The Turning (2013)

The Turning

A collection of short films marking the turning points in interconnected lives, The Turning is a dark celebration of Australia and its frustrated people.


by Mark Wilshin

The Turning

CAUTION: Here be spoilers

A celebration of Australian talent both in front of and behind the camera, The Turning is an anthology of shorts based on the bestselling collection of interlinked short stories by Tim Winton. With not only a stellar cast of Cate Blanchett, Rose Byrne, Miranda Otto and Hugo Weaving (among others), but also an impressive roster of directors including Warwick Thornton, Mia Wasikowska and David Wenham, The Turning is a kaleidoscope of dirt tracks, suburban estates and poignant moments of teenage indecision. And while its theatrical release has been cut down from its full 17 chapters and a three-hour running time, there’s still something undeniably Australian about The Turning, as each episode marks a turning point in the life of its protagonist against a unique background of father-and-son relationships, adolescence, Christianity and guilt.

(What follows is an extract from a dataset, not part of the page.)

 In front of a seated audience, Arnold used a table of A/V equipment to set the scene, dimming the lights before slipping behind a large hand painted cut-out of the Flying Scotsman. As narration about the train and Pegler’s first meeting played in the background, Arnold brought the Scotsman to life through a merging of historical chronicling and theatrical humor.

Reunion. It’s Christmas Day and Vic Lang (Richard Roxburgh) and his wife Gail (Cate Blanchett) are getting ready for his mother Carol’s visit. But when Carol suggests visiting a neglected relative and she and Gail end up taking a dip in someone else’s pool, Gail experiences a lightness she’s not felt since adolescence. Commission. Driving into the outback to find his father Bob (Hugo Weaving), Vic (Josh McConville) is forced to confront the drunk who walked out on him and his mother, just as Bob is forced to give up his hole-in-the-bush life and face the woman he left behind. The Turning. Abused wife Rae (Rose Byrne) meets Sherry (Miranda Otto) in the trailer-park launderette, and after giving up darts night to get to know her and her husband better, she discovers they’re Christians. As she’s raped by husband Max (Matt Nable), she prays to her snow-storm Jesus and finds a moment of burning release. Sand. Aborigine boy Rank (Jakory Blanco) spends the day at the beach with his brother Max (Jarli-Russell Blanco) while their dad and his mates are fishing. But when Max digs a cove in a sand bank and tries to collapse the dune on top of Rank, it’s clear their relationship won’t ever be the same again.

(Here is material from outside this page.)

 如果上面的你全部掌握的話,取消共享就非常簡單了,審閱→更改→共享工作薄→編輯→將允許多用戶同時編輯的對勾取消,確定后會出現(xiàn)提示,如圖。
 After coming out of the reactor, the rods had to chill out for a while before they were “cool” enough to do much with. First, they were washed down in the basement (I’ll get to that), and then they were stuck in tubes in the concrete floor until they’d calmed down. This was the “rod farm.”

Opening with an animation short set to TS Eliot’s Ash Wednesday, The Turning foregrounds the metaphor of sand. It’s an image that recurs in the titles that slowly disintegrate as if blown by desert winds, as well as the strikingly lyrical scene in which the two brothers are rained on with sand in a dark, blue, extra-diegetic space. It’s a metaphor however that remains elusive, never explained but that hints at the passage of time, the winds of change and the erosion of past lives. And just as the character of Vic Lang reappears time and again, in different shorts and played by different actors, so too does the spectre of alcoholism. After Marieka Walsh’s Ash Wednesday Lang’s opening line sets the pace – “Is it too early for a drink?” It’s a spectre that haunts all the characters in The Turning one way or another – as Gail knocks back a sneaky, nervous glass of wine or as Vic’s father Bob becomes the community’s linchpin thanks to his unholy “clean” status.

What makes The Turning all the more interesting though is the portrait that emerges – at once of a boy’s life story told in kaleidoscope and an unwitting portrait of Australia, in all its beauty and grime. There’s Mia Wasikowska’s section Long, Clear View – a playful look at the awkwardness and isolation of adolescence, but the strongest sequences are Warwick Thornton’s atmospheric Big World – a beautiful if claustrophobic world of self-destructive adolescent loyalty (narrated by Tim Winton) and Justin Kurzel’s Boner McPharlin’s Moll – an almost documentary roster of talking heads, describing in glorious Aussie fashion the impact on their lives of one unseen man.

There are some great performances from The Turning‘s illustrious cast – particularly from Cate Blanchett and Hugo Weaving – and it’s a great opportunity for would-be actor-directors to cut their teeth on making a film. But despite the problems inherent to the anthology film (changing characters, changing tone, changing ideas) The Turning really works – creating a life, a work, an atmosphere out of unconnected but interconnected stories. More than just a who’s who of Australian talent, The Turning, like Todd Solondz’s groundbreaking Palindromes or Gia Coppola’s more recent Palo Alto, is more than just the sum of its parts. It’s a true and haunting taste of Australia, and this time, as a collection of short films, it’s more than just one man’s vision.